PROBLEM: Make an exact copy of the data below, leaving out every picture.

RECORDS:
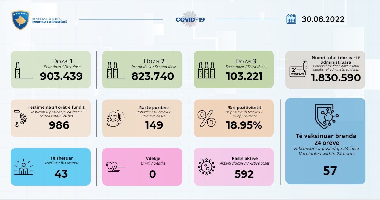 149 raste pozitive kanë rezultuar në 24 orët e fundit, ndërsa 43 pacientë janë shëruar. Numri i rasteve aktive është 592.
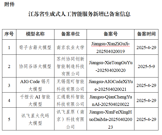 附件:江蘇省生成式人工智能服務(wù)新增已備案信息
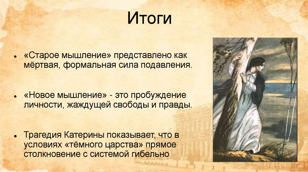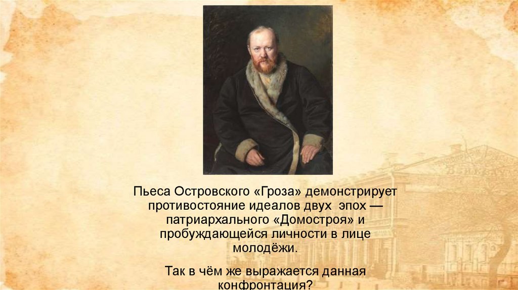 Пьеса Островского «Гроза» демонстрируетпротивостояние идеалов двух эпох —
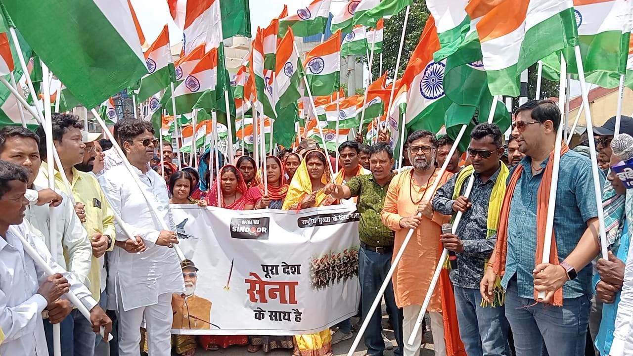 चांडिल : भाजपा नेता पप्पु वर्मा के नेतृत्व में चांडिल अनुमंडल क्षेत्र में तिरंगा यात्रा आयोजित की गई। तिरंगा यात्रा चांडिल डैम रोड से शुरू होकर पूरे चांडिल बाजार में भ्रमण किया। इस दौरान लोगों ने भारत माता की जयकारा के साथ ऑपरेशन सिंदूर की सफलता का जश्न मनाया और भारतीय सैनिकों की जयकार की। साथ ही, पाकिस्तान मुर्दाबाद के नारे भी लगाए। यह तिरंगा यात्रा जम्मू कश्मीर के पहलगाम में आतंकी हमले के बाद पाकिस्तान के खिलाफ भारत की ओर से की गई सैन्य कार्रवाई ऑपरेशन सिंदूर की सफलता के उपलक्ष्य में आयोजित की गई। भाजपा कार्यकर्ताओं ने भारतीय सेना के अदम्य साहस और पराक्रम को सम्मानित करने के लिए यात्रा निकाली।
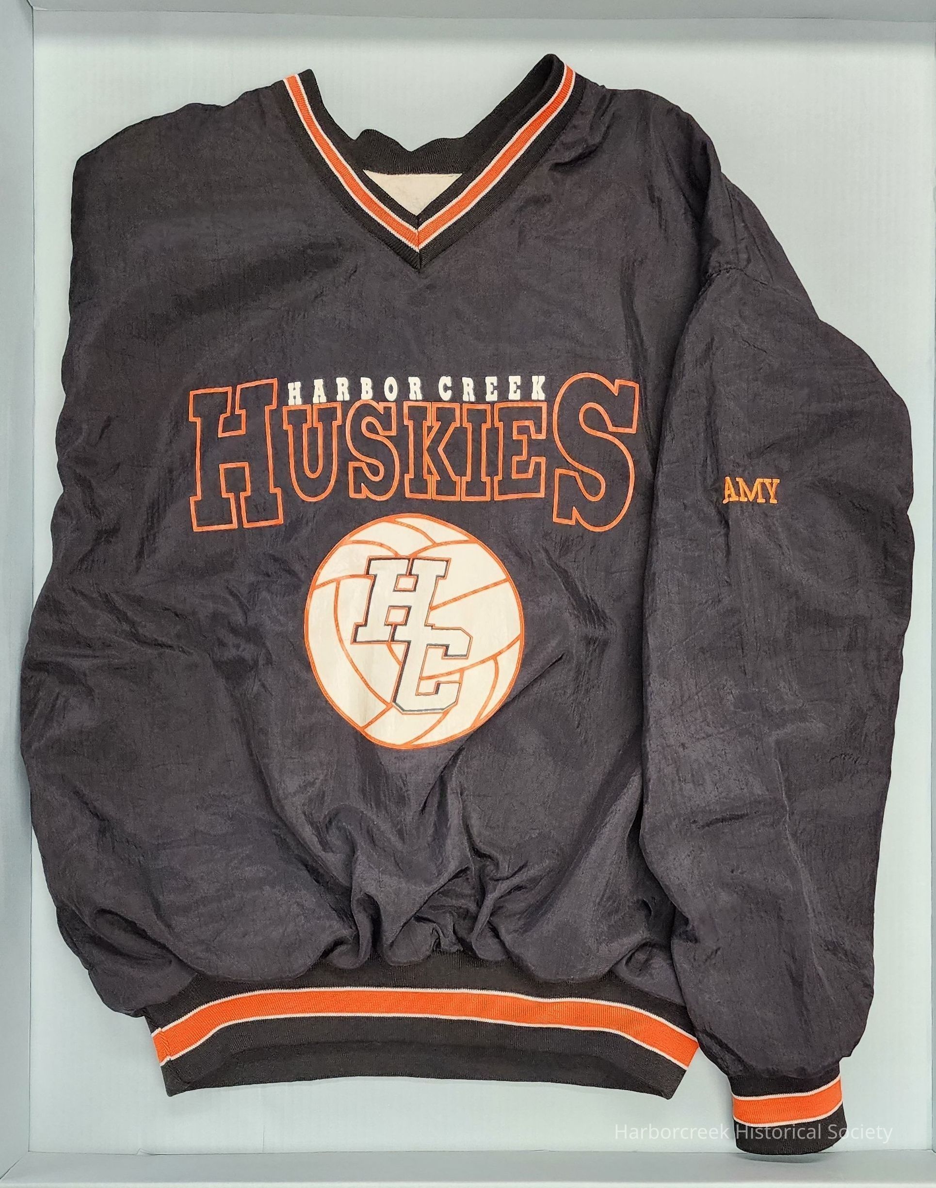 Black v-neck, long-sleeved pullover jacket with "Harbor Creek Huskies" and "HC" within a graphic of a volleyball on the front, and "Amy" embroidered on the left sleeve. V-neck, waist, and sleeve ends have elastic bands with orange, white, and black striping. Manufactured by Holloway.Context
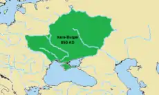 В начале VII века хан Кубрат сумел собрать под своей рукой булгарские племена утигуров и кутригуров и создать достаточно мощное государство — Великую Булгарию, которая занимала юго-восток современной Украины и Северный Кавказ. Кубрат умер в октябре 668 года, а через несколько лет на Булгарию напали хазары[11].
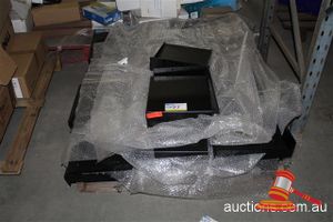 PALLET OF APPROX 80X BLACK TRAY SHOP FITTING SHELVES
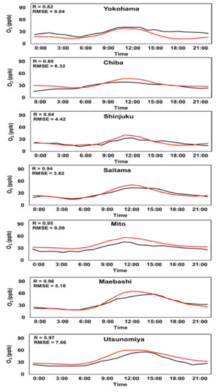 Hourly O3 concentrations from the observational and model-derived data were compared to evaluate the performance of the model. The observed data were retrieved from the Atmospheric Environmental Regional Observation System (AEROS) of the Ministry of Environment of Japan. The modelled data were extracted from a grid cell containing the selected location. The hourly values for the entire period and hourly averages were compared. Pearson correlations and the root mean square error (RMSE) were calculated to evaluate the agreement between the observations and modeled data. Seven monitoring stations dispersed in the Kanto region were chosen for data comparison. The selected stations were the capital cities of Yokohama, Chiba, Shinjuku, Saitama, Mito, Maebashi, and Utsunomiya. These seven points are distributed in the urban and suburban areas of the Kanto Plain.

ANSWER FOR THE TASK:
 149 raste pozitive kanë rezultuar në 24 orët e fundit, ndërsa 43 pacientë janë shëruar. Numri i rasteve aktive është 592.
 附件:江蘇省生成式人工智能服務(wù)新增已備案信息
 Пьеса Островского «Гроза» демонстрируетпротивостояние идеалов двух эпох —
 चांडिल : भाजपा नेता पप्पु वर्मा के नेतृत्व में चांडिल अनुमंडल क्षेत्र में तिरंगा यात्रा आयोजित की गई। तिरंगा यात्रा चांडिल डैम रोड से शुरू होकर पूरे चांडिल बाजार में भ्रमण किया। इस दौरान लोगों ने भारत माता की जयकारा के साथ ऑपरेशन सिंदूर की सफलता का जश्न मनाया और भारतीय सैनिकों की जयकार की। साथ ही, पाकिस्तान मुर्दाबाद के नारे भी लगाए। यह तिरंगा यात्रा जम्मू कश्मीर के पहलगाम में आतंकी हमले के बाद पाकिस्तान के खिलाफ भारत की ओर से की गई सैन्य कार्रवाई ऑपरेशन सिंदूर की सफलता के उपलक्ष्य में आयोजित की गई। भाजपा कार्यकर्ताओं ने भारतीय सेना के अदम्य साहस और पराक्रम को सम्मानित करने के लिए यात्रा निकाली।
 Black v-neck, long-sleeved pullover jacket with "Harbor Creek Huskies" and "HC" within a graphic of a volleyball on the front, and "Amy" embroidered on the left sleeve. V-neck, waist, and sleeve ends have elastic bands with orange, white, and black striping. Manufactured by Holloway.Context
 В начале VII века хан Кубрат сумел собрать под своей рукой булгарские племена утигуров и кутригуров и создать достаточно мощное государство — Великую Булгарию, которая занимала юго-восток современной Украины и Северный Кавказ. Кубрат умер в октябре 668 года, а через несколько лет на Булгарию напали хазары[11].
 PALLET OF APPROX 80X BLACK TRAY SHOP FITTING SHELVES
 Hourly O3 concentrations from the observational and model-derived data were compared to evaluate the performance of the model. The observed data were retrieved from the Atmospheric Environmental Regional Observation System (AEROS) of the Ministry of Environment of Japan. The modelled data were extracted from a grid cell containing the selected location. The hourly values for the entire period and hourly averages were compared. Pearson correlations and the root mean square error (RMSE) were calculated to evaluate the agreement between the observations and modeled data. Seven monitoring stations dispersed in the Kanto region were chosen for data comparison. The selected stations were the capital cities of Yokohama, Chiba, Shinjuku, Saitama, Mito, Maebashi, and Utsunomiya. These seven points are distributed in the urban and suburban areas of the Kanto Plain.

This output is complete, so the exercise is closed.